Brasília fará 60 anos em abril. Já é uma senhora, diriam alguns. Mas, São Paulo foi fundada em 1554. Em 2054, fará 500 anos. Salvador, primeira capital do Brasil, é alguns anos mais velha. Data de 1549. Pirenópolis, aqui do lado, é de 1727. Luziânia é de 1746. E, para terminar a lista com chave de ouro, Planaltina, do lado de dentro do quadrilátero, é de 1859. Tirando por aí, os 60 anos que nos distanciam da época em que os membros do governo passavam a semana no Planalto Central para, na sexta ou no sábado, voltarem para casa, no Sudeste, é um quase nada. É possível defender que a sensação de despertencimento tenha diminuído muito. Mas, também, que ainda queima fria nos gestos despropositais das primeiras gerações nascidas na cidade.
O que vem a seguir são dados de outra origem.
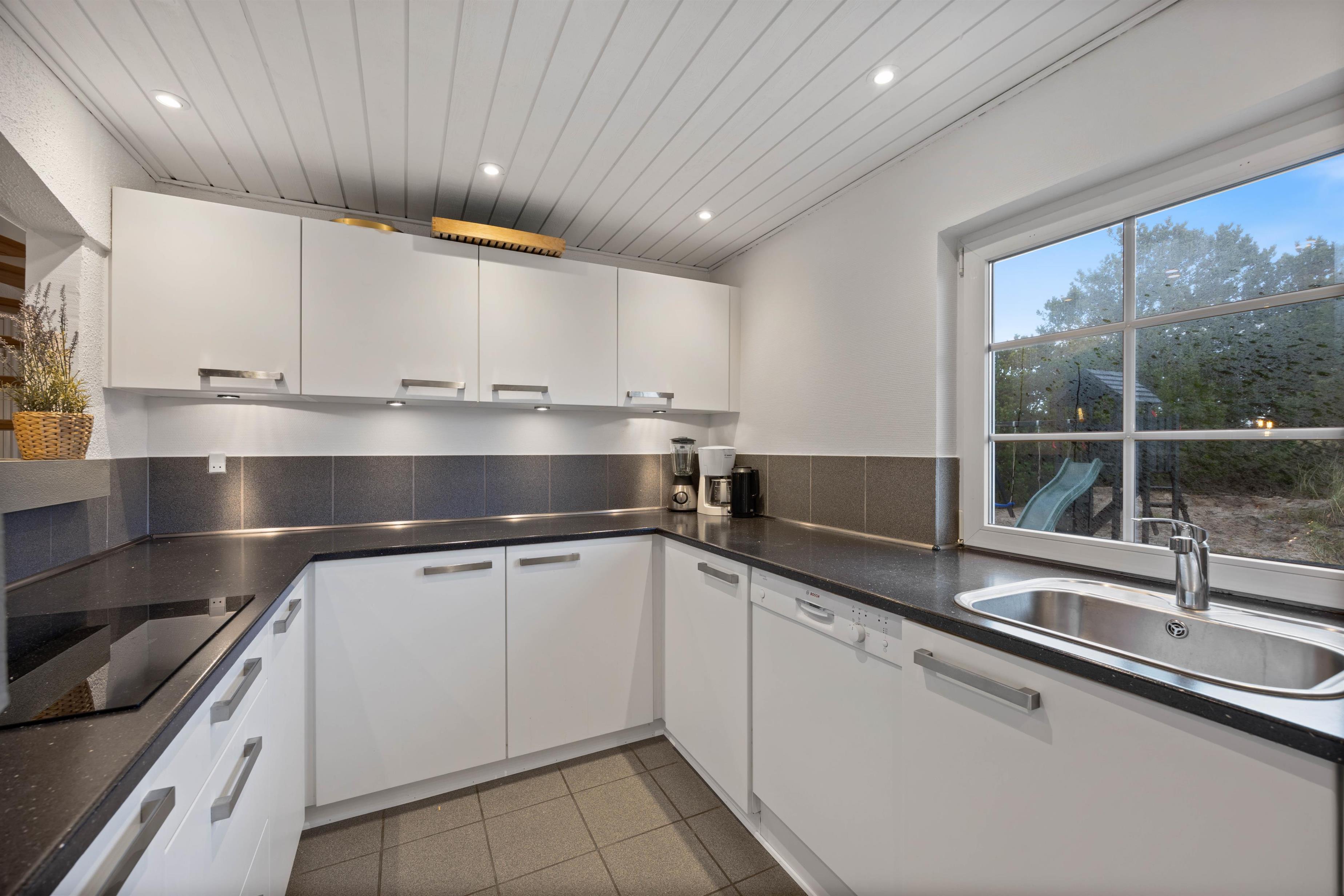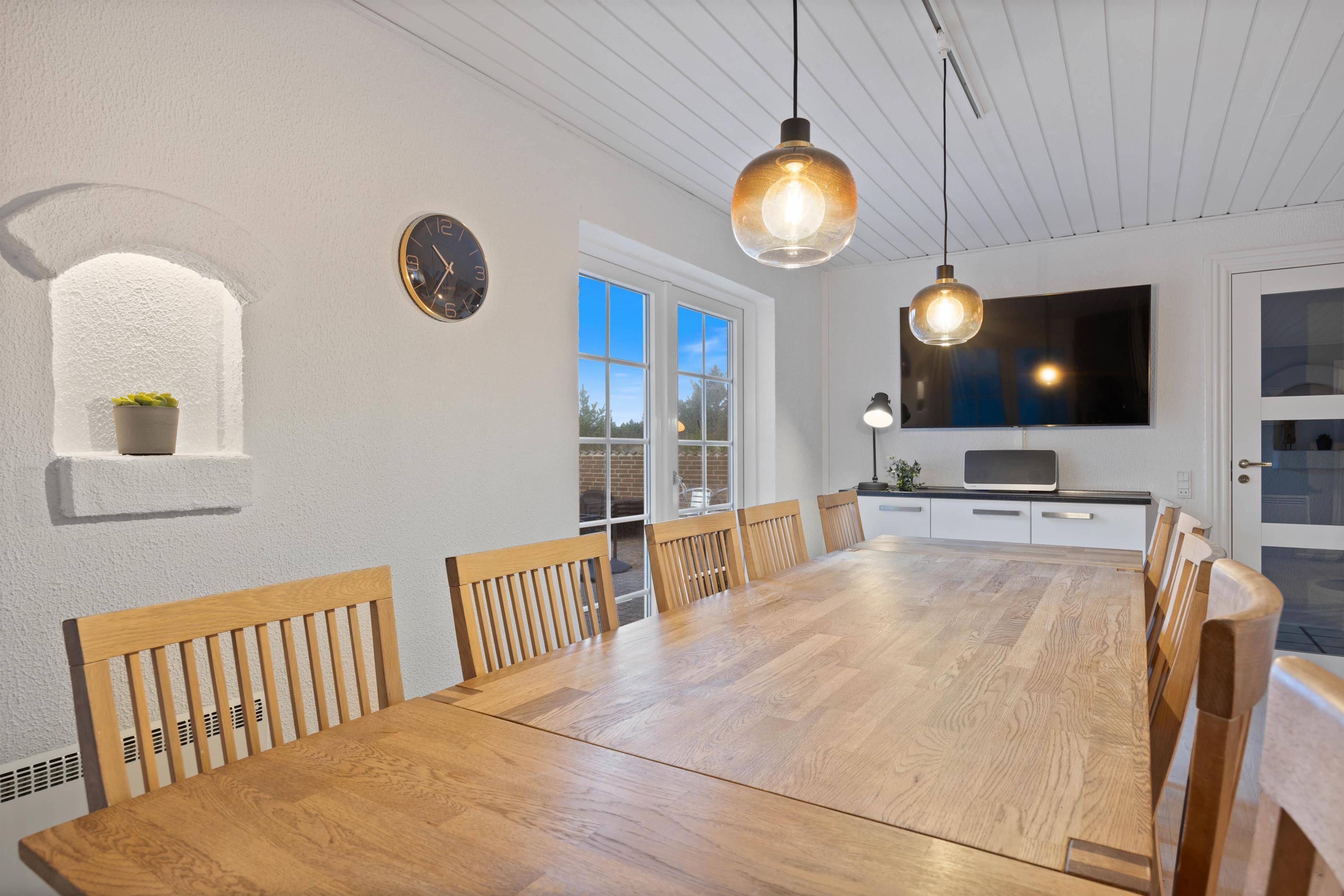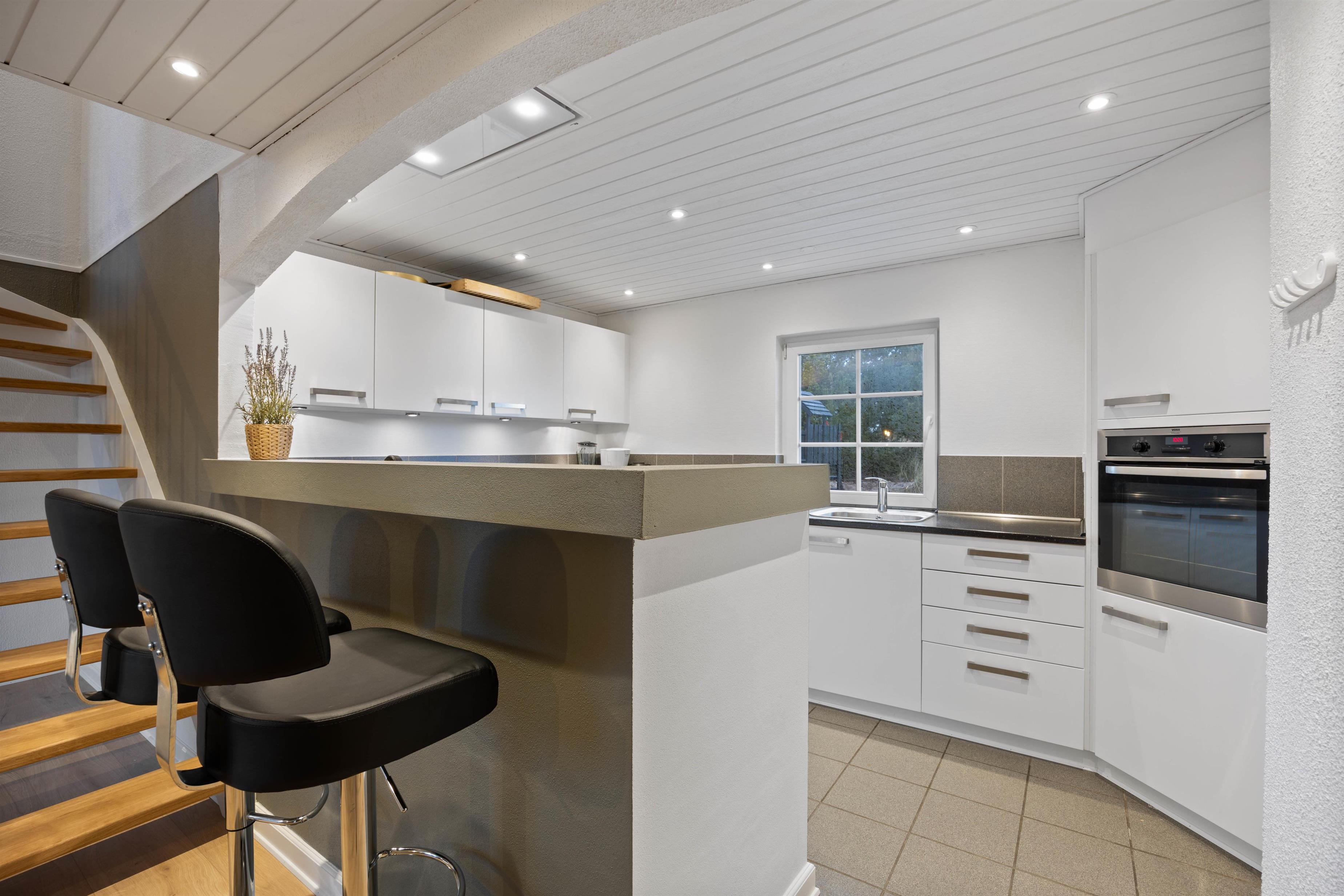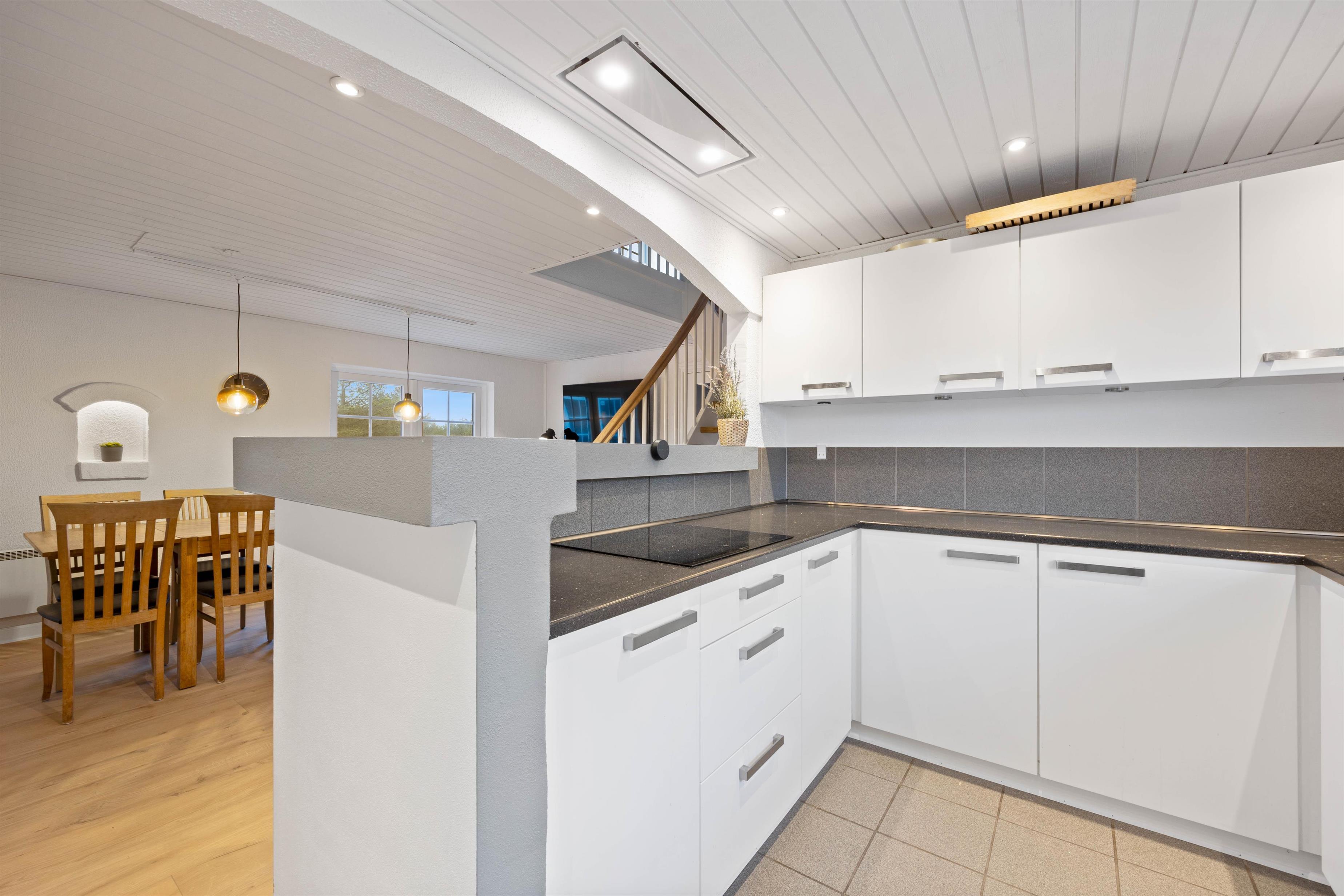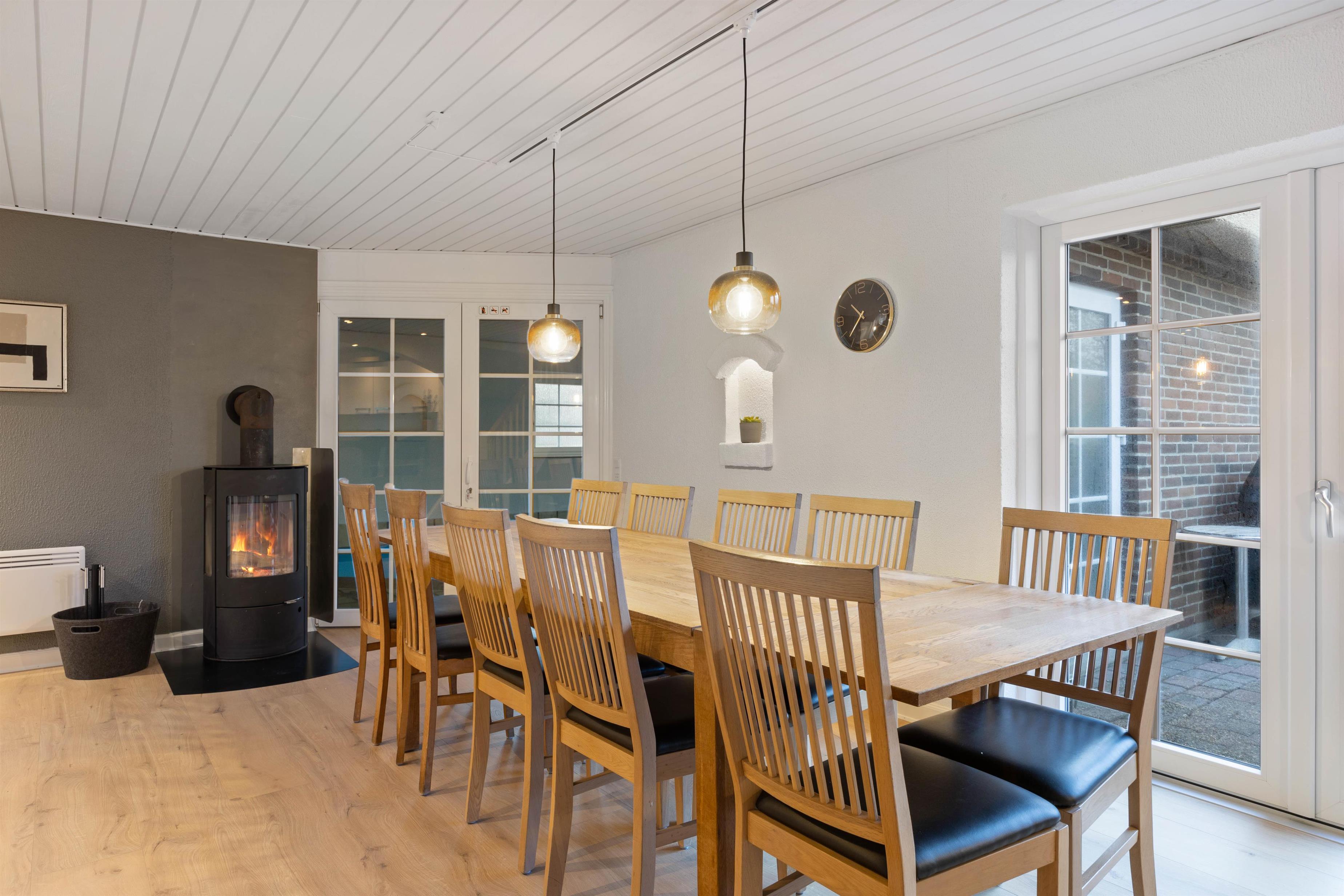 Spisestuen med både TV og brændeovn giver plads til alle og her kan I mødes til et lækkert måltid tilberedt i det veludstyrede køkken eller til et medbragt spil. Køkkenet har plads til, at flere kan hjælpes om madlavningen, og det er udstyret med mikroovn, ovn i ståhøjde og opvaskemaskine naturligvis.
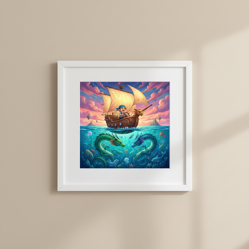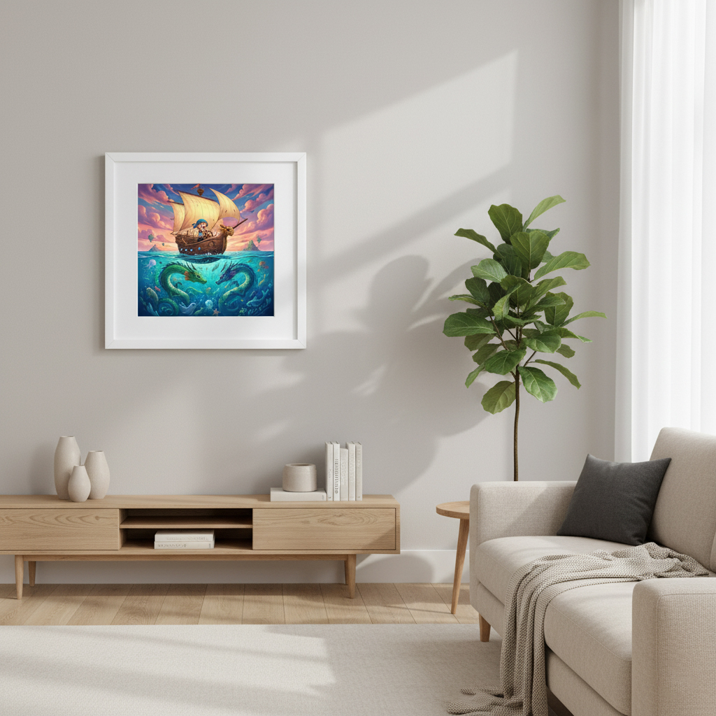 Elevate your interior design with a piece that sparks imagination and conversation. This meticulously crafted 12×12 (square) framed art print, titled “The Pirate & The Sea Dragons,” is more than just decor—it’s a window into a world of myth and adventure, designed for the discerning collector.
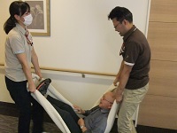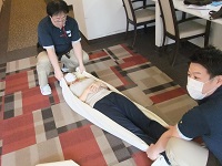 地震を想定し、車椅子の方を搬送をする練習を行いました。

O carro para no semáforo da L2. A via desaparece em uma curva leve à frente. Mas o motorista faz o retorno. O limpador de para-brisa vai para lá e para cá raspando o vidro molhado. As crianças observam a paisagem. A mulher segue falando. Não percebe quando compara a terra natal, que deixou aos 13, com Ceilândia. Guarda um certo arrependimento. Veio brigada com a mãe. Passou por dificuldades, cresceu, teve dois filhos. Ambos estudam. Do velho arrependimento ela salta para a percepção de que tudo está melhor e que as crianças têm muito mais oportunidades aqui. Ceilândia é um lugar bom de se morar. Ela não conhece tantos vizinhos, pois sai cedo e volta tarde, mas descreve uma liga comunitária mais forte na periferia.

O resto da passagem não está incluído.